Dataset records
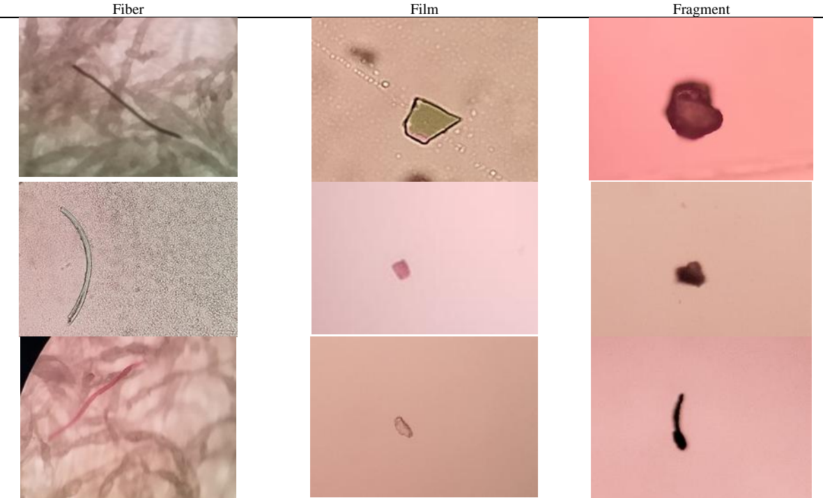
Table 1. Types of microplastics found

Based on Table 1, there are three types of microplastics at stations I, II, and III, namely fiber, film, and fragment-type microplastics found in the digestive tract of water flower fish. Fiber-type microplastics are elongated and thin, like a net/fishing line (Wicaksono, 2018). Film-type microplastics are irregular shapes derived from thin plastic fragments, transparent color, and low density (Ayuningtyas et al., 2019). Fragment-type microplastics come from pieces with a shape that tends to be irregular with sharp edges (Dai et al., 2018). Film and fragment-type microplastics in the study were sourced from plastic waste such as plastic bags or containers. Fiber-type microplastics can be sourced from fishing activities by fishermen/communities using nets/ rods that allow fiber degradation in fishing gear.
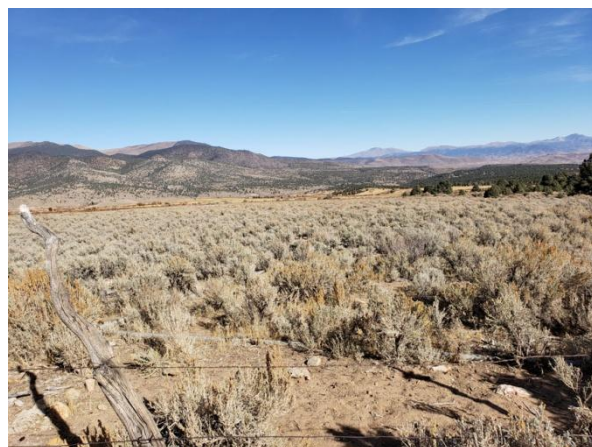
View From Where We Sat For Lunch. Heifers Right behind us
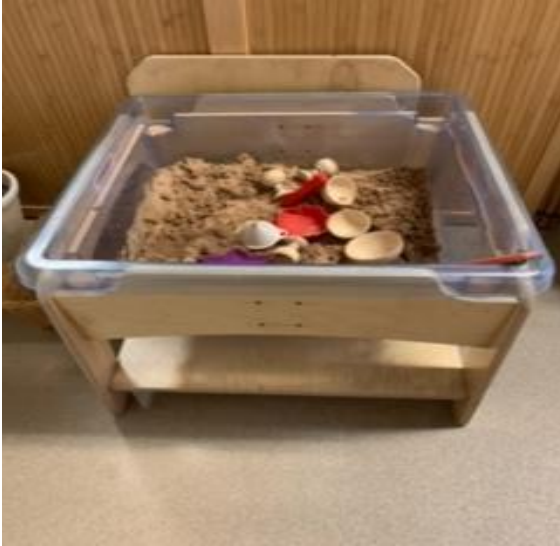
This is the sand tray where you can build, dig and explore
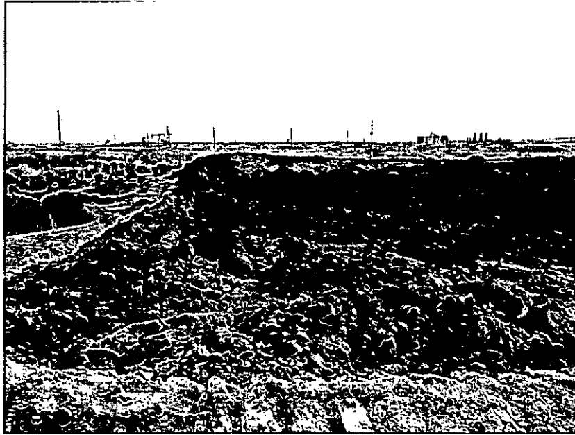
EAST SIDE OF WELL PAD ON NORTH

LOCO FEDERAL #8; G.Sec.21,T17S,R30E; 2310' FNL & 1650' FEL; 30-015-40616 ; NMNM-106331

> Exercise objective
Word for word, set down every record, keeping the images out.

> Result of this exercise
Table 1. Types of microplastics found

Based on Table 1, there are three types of microplastics at stations I, II, and III, namely fiber, film, and fragment-type microplastics found in the digestive tract of water flower fish. Fiber-type microplastics are elongated and thin, like a net/fishing line (Wicaksono, 2018). Film-type microplastics are irregular shapes derived from thin plastic fragments, transparent color, and low density (Ayuningtyas et al., 2019). Fragment-type microplastics come from pieces with a shape that tends to be irregular with sharp edges (Dai et al., 2018). Film and fragment-type microplastics in the study were sourced from plastic waste such as plastic bags or containers. Fiber-type microplastics can be sourced from fishing activities by fishermen/communities using nets/ rods that allow fiber degradation in fishing gear.
View From Where We Sat For Lunch. Heifers Right behind us
This is the sand tray where you can build, dig and explore
EAST SIDE OF WELL PAD ON NORTH

LOCO FEDERAL #8; G.Sec.21,T17S,R30E; 2310' FNL & 1650' FEL; 30-015-40616 ; NMNM-106331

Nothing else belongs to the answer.